A comprehensive study was conducted into the water-flooding pattern of a Western Siberia oil field, and water-cut maps were generated to determine which areas of the field were more water-saturated. This study included a statistical analysis of the effect of various fracture parameters on the post-fracture water-cut. Also the relationship between nearby water injectors and post-fracture water production was analyzed. It was found that injectors in a NNW proximity to the fractured well contributed higher post-fracture water rate. Generally, fractures grow in this direction, which is the maximum principal stress orientation across much of the Western Siberian Basin. This paper presents and discusses the statistical approach we developed.

A new method of predicting post-fracture production involving a multi-phase reservoir simulator, was employed. The water and oil production match achieved using this simulator allowed us to re-calibrate the layer information from the original log interpretations, resulting in highly accurate production forecasts. A brief discussion of the simulator is also included in the paper.

The trend toward larger treatments and coarser proppant has (1) produced higher-conductivity fractures and (2) significantly improved production from fields in western Siberia.

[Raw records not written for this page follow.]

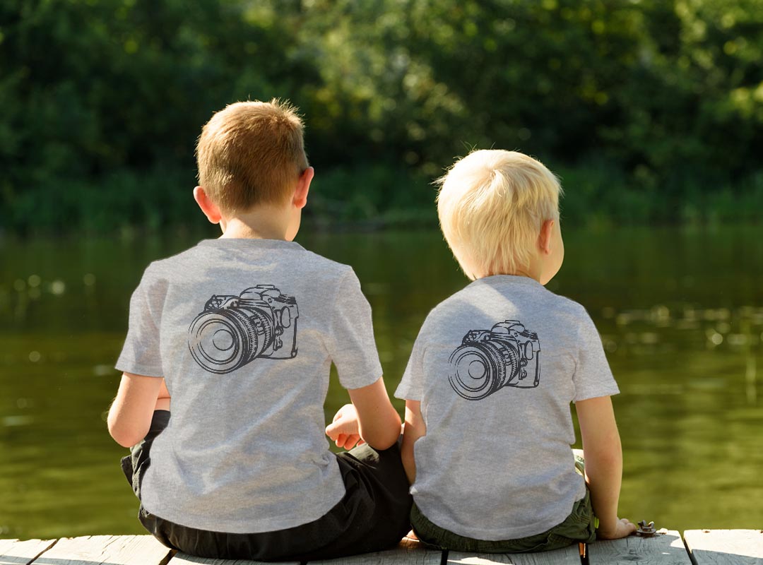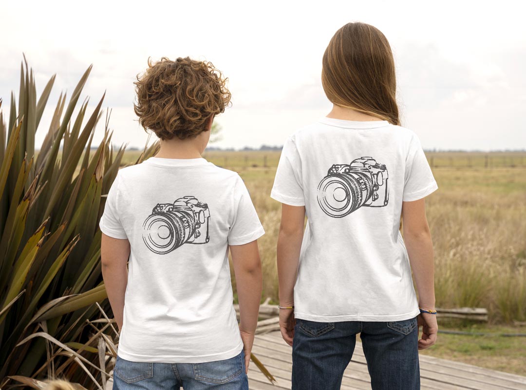Tシャツ キッズ バックプリント 半袖 白地 デザイン 90 100 110 120 130 140 150 Tシャツ ティーシャツ T shirt 014761 カメラ 白黒 一眼レフ
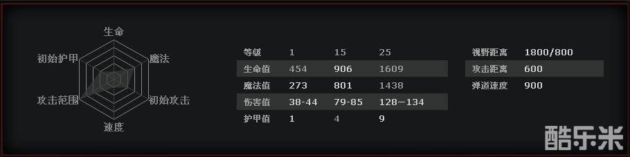 上图是冰女的基础属性角图和一些确切的数值,从图中分析可得冰女具有超级优良的攻击范围,中可的护甲和初始攻击,相对充足的魔法,这些放到一起,一个前期线上压制能力极强的酱油便诞生了,利用自身的超远距离弹道,足够的魔法,可以在前期优势路保大哥或者劣势路刚三中发挥很大的优势,甚至可以将对面的英雄压出经验区。
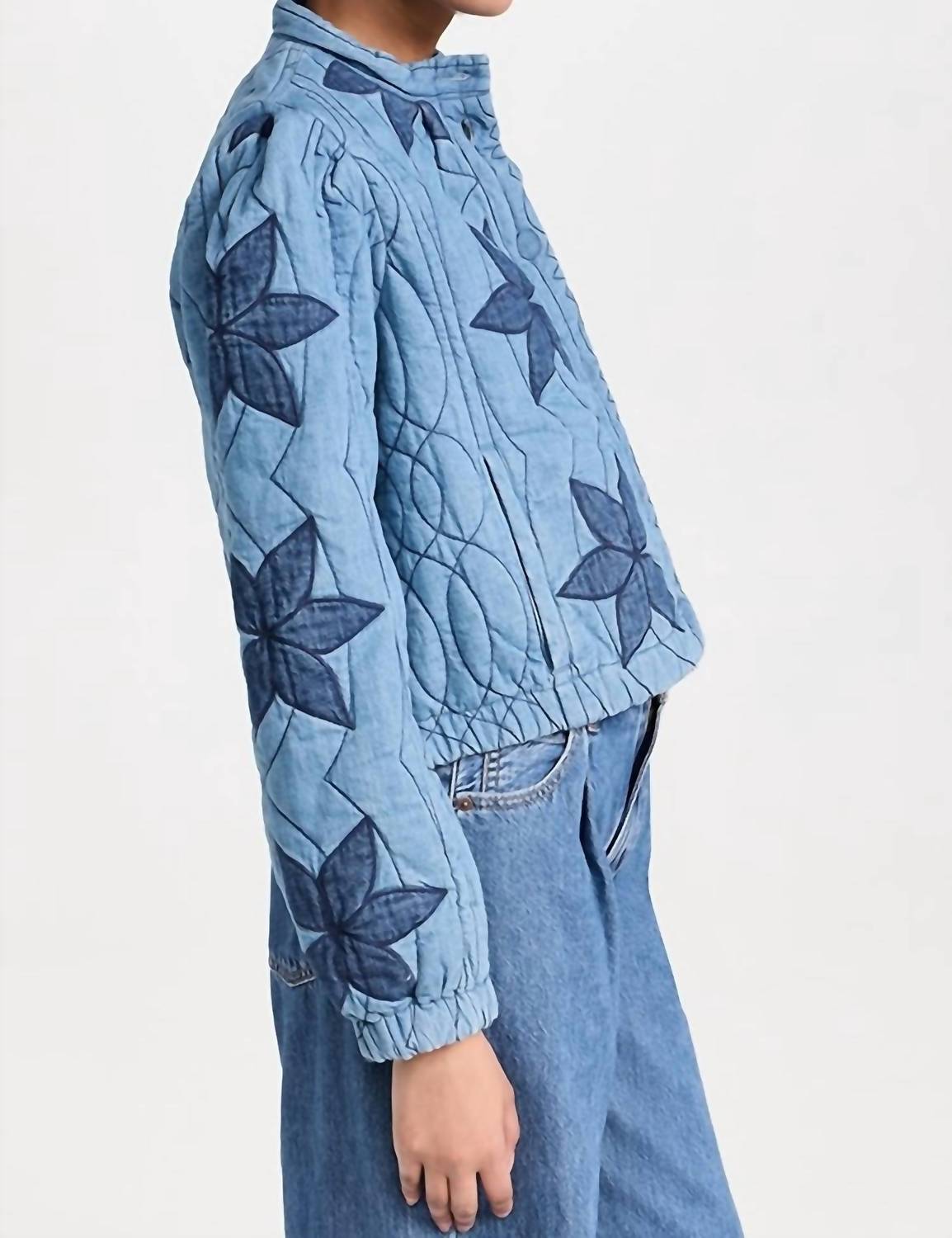 Fechamento frontal por botões, bainha inferior elástica, ombros definidos. Silhueta curta e quadrada com acolchoamento e patches definidos por toda a peça. Caimento relaxado e folgado. Exterior: 100% algodão. Acabamento: 100% algodão. Busto: 117 cm; Comprimento: 55 cm; Comprimento da manga: 66 cm (tamanho P). Somente lavagem a seco. Importado.
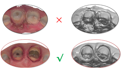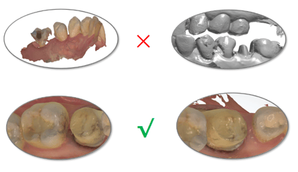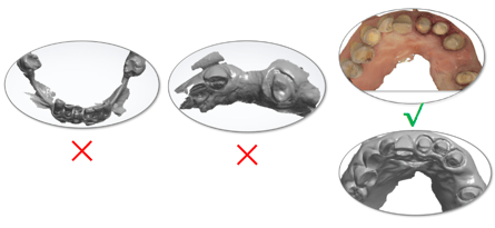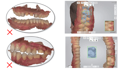 Slow down and ensure full 360° capture of the pontic site, including ridge contour and soft tissue.

At the same time, the trend has created longer effective fractures and in some instances increased access to water through inter-well communication. This development has underlined the importance of understanding reservoir saturation and waterflood patterns, so that full advantage can be taken of the increased conductivity through gain in oil productivity.

These techniques of reservoir simulation and studying injector proximity were then employed in the field for candidate selection. The result has allowed fracturing to be performed in this field with greater confidence in predictability of post-fracture productivity. This paper presents the field study illustrating the developed methodology.